9.Compute a 95% confidence interval for the population mean based on the sample of numbers 21,28,33,34,25,26, and 135. Find the lower and upper limits of the interval

a. lower 15.449 upper 67.174

b. lower 20.492 upper 40.876

c. lower 18.925 upper 50.741

d. lower 5.449 upper 80.837

10.Change the last value to 27 and re-compute the confidence interval, the numbers are now 21,28,33,34,25,26, and 27

a. lower 3.52 upper 41.929

b. lower 23.52 upper 31.909

c. lower 22.32 upper 35.861

d. lower 19.73 upper 51.994

11.What is an outlier and how does it affect the confidence interval

a. an outlier stretches the interval because it increases the standard deviation

b. an outlier compacts the interval because it increase the standard deviation

c. an outlier stretches the interval because it decrease the standard deviation

d. an outlier compacts the interval because it decrease the standard deviation

HINT: an outlier is a value that is inconsistent with the rest of the data usually defined as a value that is more than 1.5 times the interquartile range larger than Q3 or smaller than Q1.
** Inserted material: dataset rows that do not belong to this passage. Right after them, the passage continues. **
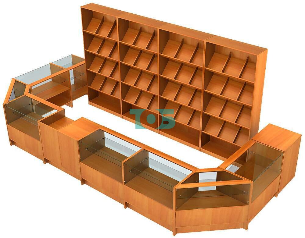 Стеллажи: за спиной продавца стоят стеллажи высотой 2100 мм, что позволяет эффективно использовать вертикальное пространство для размещения товаров.
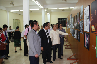 此次出访的主要目的,是落实今年2月陈书记率团访问老挝国立大学期间,与对方商谈的联合建立音体美专业的合作项目。经学校党政领导批准,由音乐、体育、美艺三个学院的党政领导和专业教师组成的代表团一行十人赴老挝国立大学。访问期间,体育学院赵平院长、周明副院长、音乐学院靳丽芬院长和美艺学院武新文院长、李正红副书记与老挝国立大学校方和老挝国立大学教育学院领导多次深入会谈和调研,全面细致了解了对方学校在音体美专业建设方面的现状和需求。在双方联合举办的“老挝国立大学•新葡萄8883官网AMG文化交流展示会”上,靳院长的独唱、武院长的现场书法展示、周砚馨老师的小提琴演奏,以及徐立宏老师表演的八卦剑和太极拳等赢得老挝国立大学师生的阵阵掌声和喝彩。文化交流展示结束后,国立大学领导和师生兴致勃勃地观看了美艺学院精心选送的师生美术与艺术设计作品展。此外,体育学院周副院长和徐立宏老师还为体育专业的师生上了四堂示范课,深得师生好评。新葡萄官网音体美三个学院均向对方赠送了礼品和部分器材。
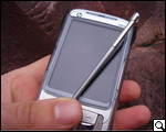 В гаджете HP iPAQ rw 6815 при хорошем оснащении, как в коммуникационном, так и развлекательном ряде представлены весьма скромные габариты устройства (достигнутые, впрочем, по причине отсутствия клавиатуры), что позволяет ему выгодно выделяться на фоне собратьев по линейке. Внешний вид ![]() ![]() Еще одна интересная деталь аппарата – защитная крышка, которая прикрывает сенсорный экрана аппарата. С одной стороны это очень хорошее решение производителя, поскольку позволяет всячески защитить экран от внешнего воздействия различных физических источников. Обратной стороной этого является весьма неудобный способ вынимания стилуса, который, в свою очередь располагается на одной из верхних граней устройства. ![]() Но вернемся к экрану. Как уже было сказано, в устройстве дисплей сенсорный, а потому производитель "возложил" на него практически всю навигацию. В гаджете дисплей занимает около 80% передней стороны аппарата. Процентов 15 под ним отдано под софт-кнопки и кнопку джойстика с кнопкой подтверждения внутри, а также динамиками громкой связи, с правой и левой стороны клавиш навигации. Остальные 5% отведены внутреннему динамику аппарата, "возвышенному" над экраном устройства. Рядом с ним расположен индикатор. ![]() ![]() На тыльной стороне устройства встроенная камера с 2-х мегапиксельным сенсором и большим глазиком вспышки. Рядом с этим "дуэтом" находится фирменная эмблема компании-производителя, а чуть ниже всего этого – крышка аккумуляторного блока.
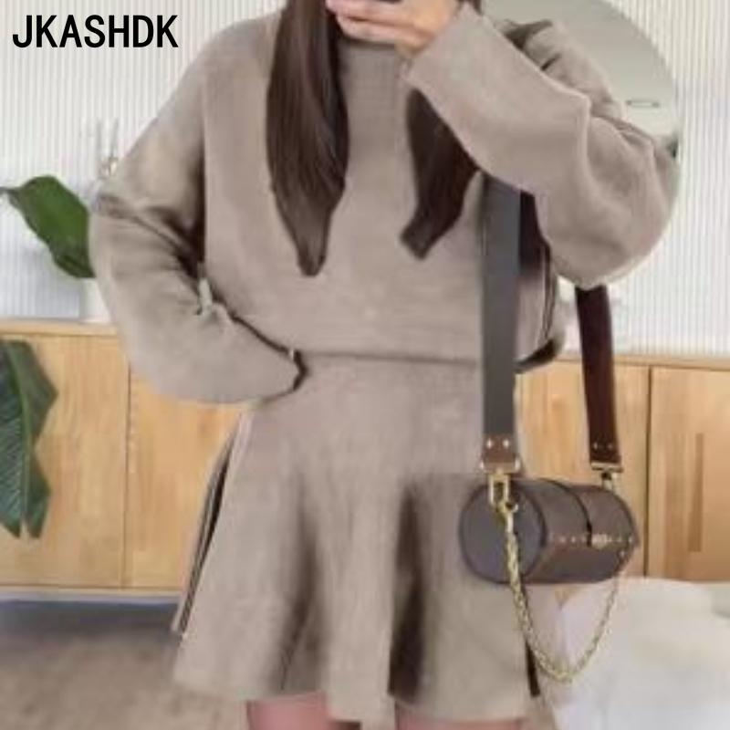 JKASHDK Women's Fashion Casual Spring Autumn Solid Color Print Long Sleeve O-Neck Trousers Pants Suits
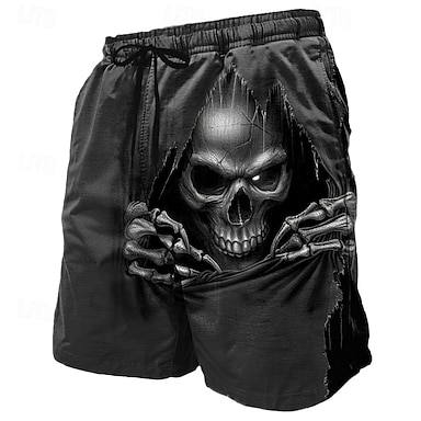 Herren Schädel Tod Kostüme Schwimmshorts Schwimmshorts Boardshorts mittlere Taille Dunkel Punk Gothik Stil Urlaub Streetwear seitliche Taschen Netzfutter elastischer Kordelzug Bund Designer Kleidung
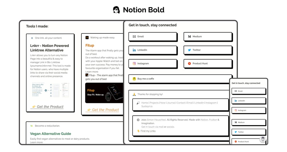 Notion Bold Design Template - Made for Fruition based Notion Websites
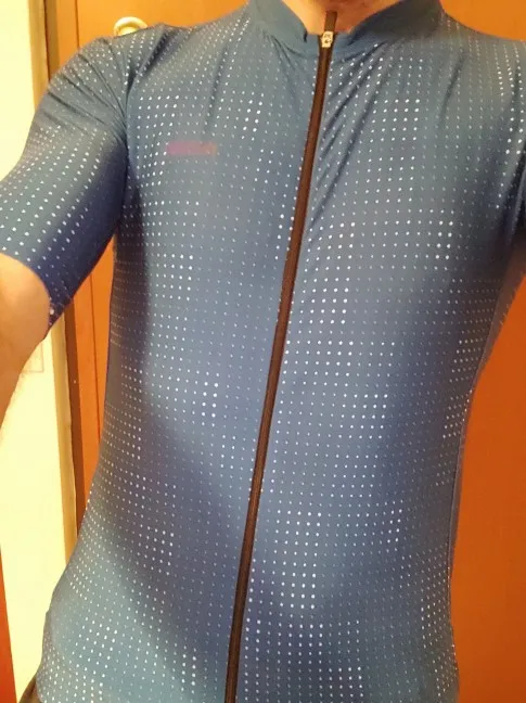 Я измерил 1,92 и вес 85 кг. Размер XL, хорошо подходит, но Размер L подходит больше. Зависит от вкуса каждого. Как вы видите на фотографиях, он плотный, но не замечал «давление». Размер L будет больше стиля aero. Muy-очень хорошее качество. У меня есть другие Aliexpres mallot: Spexcel, cheji. И этот находится на вершине вместе с Spexcel. Ткани, вырезы, молния. Очень, очень хорошо.

12.A sample of 25 students enrolled in the university indicates x(bar) = $315.40 and s=$43.20. Using a significance level of 0.1, what are the boundaries of the confidence interval

a. 302.438 - 326.184

b. 300.618-330.182

c. 297.485-327-820

d. 282.271-338.475

13.A sample of 25 students enrolled in the university indicates that x(bar) = $315.40 and s=$43.20. A mean is not a confidence interval is rejected by the confidence interval and we say the evidence against the mean is significant. at the 0.10 level of significance, is there evidence against mean $300

a. no because 300 is below the lower limit of the confidence interval

b. yes because 300 is below the lower limit of the confidence interval

c. no because 300 is in the confidence interval

d. yes because 300 is in the confidence interval

14.A sample of 25 students enrolled in the university indicated that x(bar)=$315.40 and s=$75 (note the sample standard deviation is different from the first part). A mean that is ina. confidence is not rejected by the confidence interval and we say the evidence against the mean is not significant. At the 0.05 level of significance, is there evidence against the mean $300?

a. no because 300 is below the lower limit confidence interval

b. yes because 300 is below the lower limit confidence interval

c. no because 300 is in the confidence interval

d. yes because 300 is in the confidence interval

15.Explain the difference between parts A and C. In both parts we asked whether or not the evidence that the population mean was over $400.

In part A x(bar)=$315.40 s=$43.20, sample size=25

In part C x(bar)= $315.40, s=$75, sample size =25

a.the larger mean adds uncertainty in the sample, the same may have outliers

b.the smaller means adds uncertainty in the sample, the sample may have outliers

c. the larger standard deviation adds uncertainty in the sample, the same may have had outliers

d. the smaller standard deviation adds uncertainty in the sample, the sample may have had outliers.